The records below must be returned exactly, with every picture left out.

___

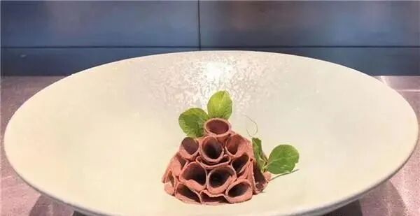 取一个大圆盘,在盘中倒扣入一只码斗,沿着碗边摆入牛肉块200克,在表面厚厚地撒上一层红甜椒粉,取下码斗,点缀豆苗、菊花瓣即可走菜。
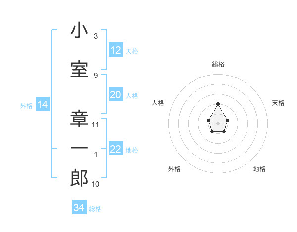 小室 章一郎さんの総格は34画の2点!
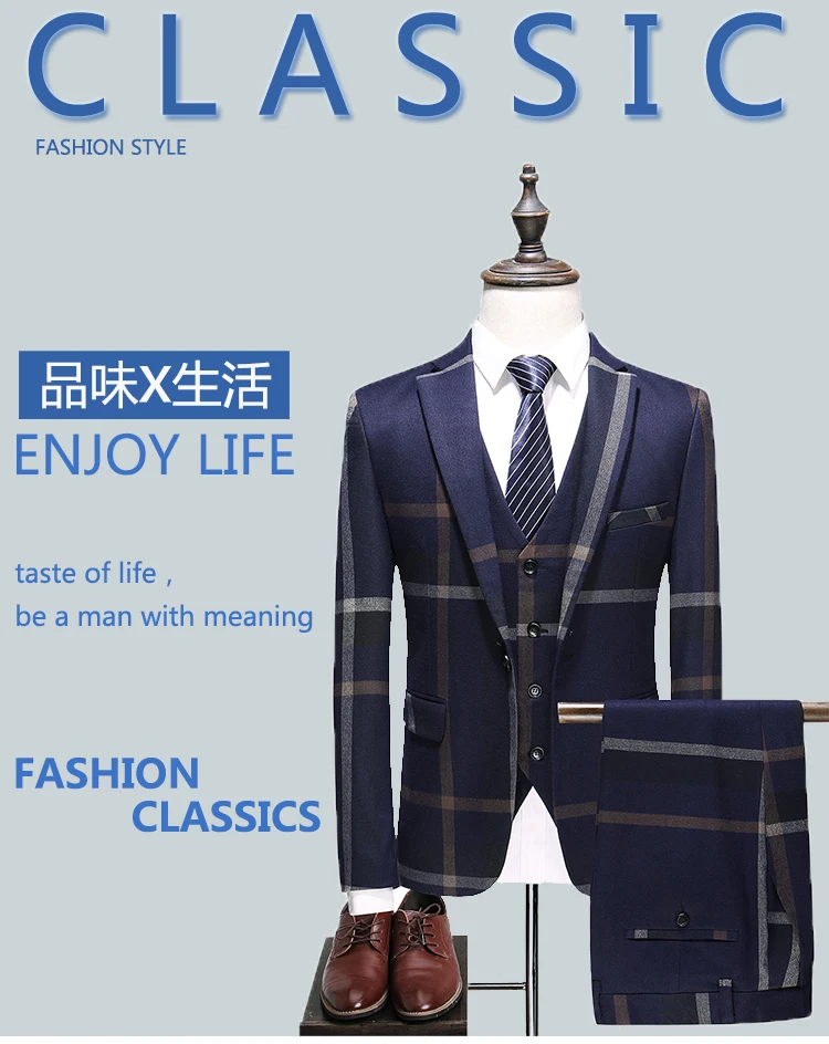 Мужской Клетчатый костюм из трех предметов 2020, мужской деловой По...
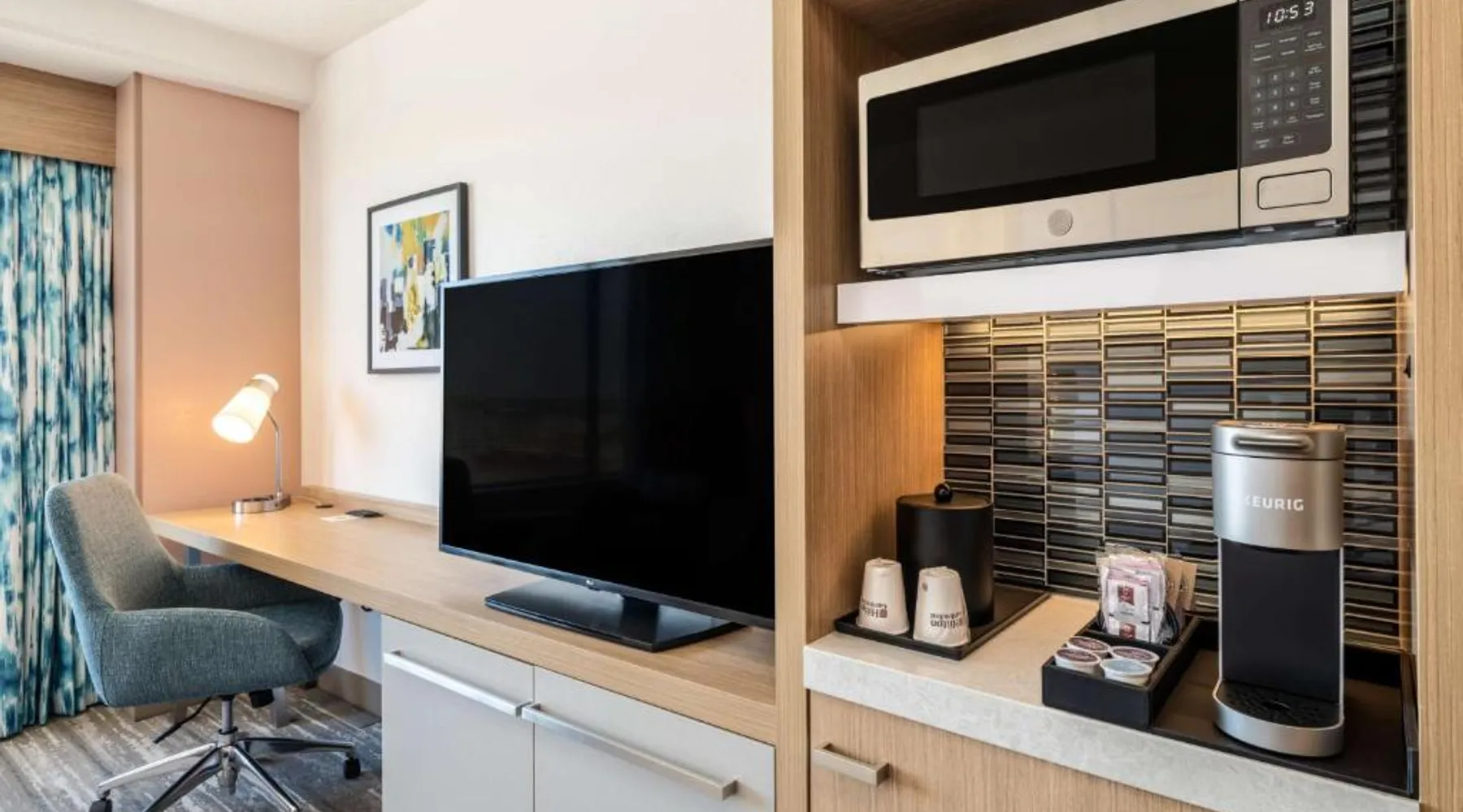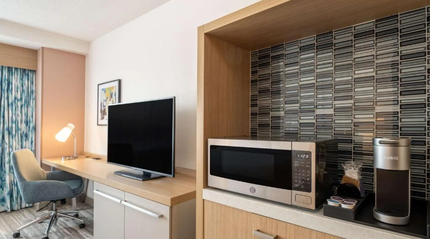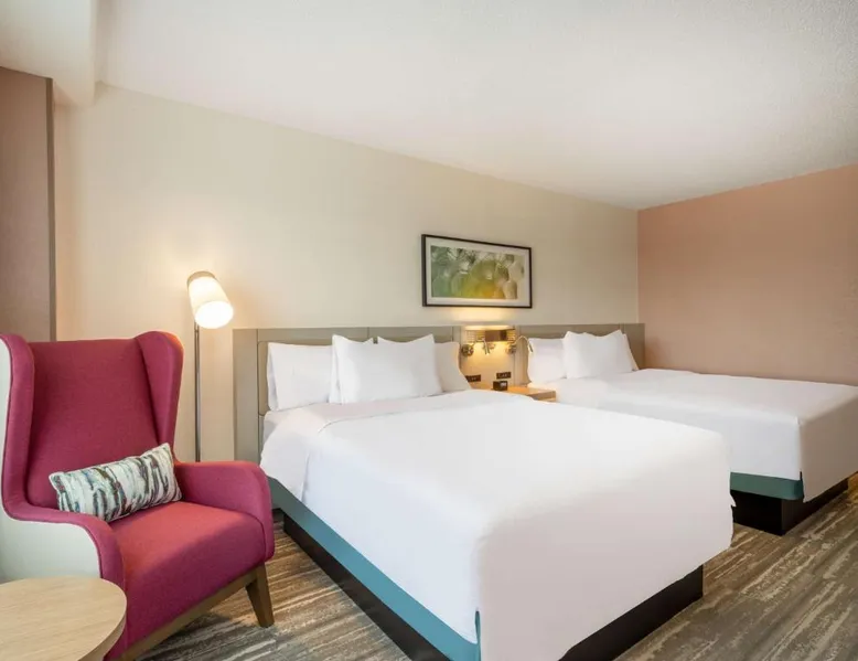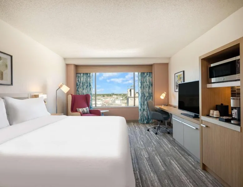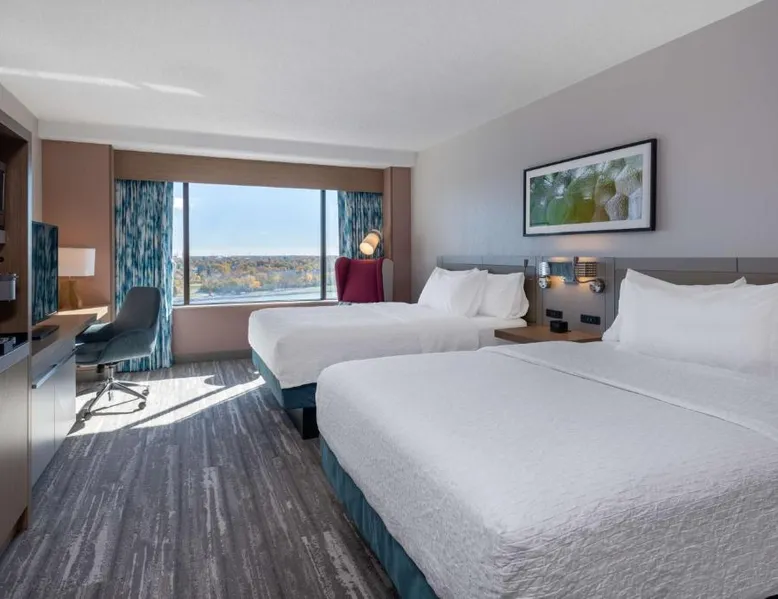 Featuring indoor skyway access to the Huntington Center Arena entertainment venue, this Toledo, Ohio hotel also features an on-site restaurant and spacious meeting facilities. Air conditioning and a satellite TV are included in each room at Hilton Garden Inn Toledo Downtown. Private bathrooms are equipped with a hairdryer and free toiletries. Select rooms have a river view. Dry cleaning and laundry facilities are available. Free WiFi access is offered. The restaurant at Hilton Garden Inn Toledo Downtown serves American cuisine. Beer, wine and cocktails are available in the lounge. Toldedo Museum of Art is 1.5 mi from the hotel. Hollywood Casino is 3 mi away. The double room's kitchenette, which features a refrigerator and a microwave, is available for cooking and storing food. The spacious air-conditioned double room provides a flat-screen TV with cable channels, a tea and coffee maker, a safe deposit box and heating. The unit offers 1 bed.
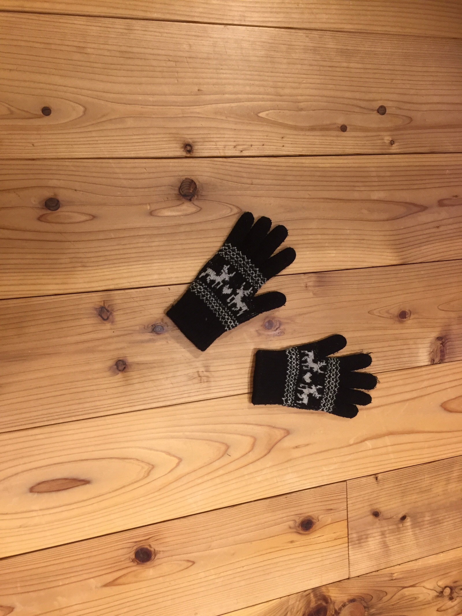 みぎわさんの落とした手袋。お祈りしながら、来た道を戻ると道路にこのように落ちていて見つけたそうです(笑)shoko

___

Task output:
 取一个大圆盘,在盘中倒扣入一只码斗,沿着碗边摆入牛肉块200克,在表面厚厚地撒上一层红甜椒粉,取下码斗,点缀豆苗、菊花瓣即可走菜。
 小室 章一郎さんの総格は34画の2点!
 Мужской Клетчатый костюм из трех предметов 2020, мужской деловой По...
 Featuring indoor skyway access to the Huntington Center Arena entertainment venue, this Toledo, Ohio hotel also features an on-site restaurant and spacious meeting facilities. Air conditioning and a satellite TV are included in each room at Hilton Garden Inn Toledo Downtown. Private bathrooms are equipped with a hairdryer and free toiletries. Select rooms have a river view. Dry cleaning and laundry facilities are available. Free WiFi access is offered. The restaurant at Hilton Garden Inn Toledo Downtown serves American cuisine. Beer, wine and cocktails are available in the lounge. Toldedo Museum of Art is 1.5 mi from the hotel. Hollywood Casino is 3 mi away. The double room's kitchenette, which features a refrigerator and a microwave, is available for cooking and storing food. The spacious air-conditioned double room provides a flat-screen TV with cable channels, a tea and coffee maker, a safe deposit box and heating. The unit offers 1 bed.
 みぎわさんの落とした手袋。お祈りしながら、来た道を戻ると道路にこのように落ちていて見つけたそうです(笑)shoko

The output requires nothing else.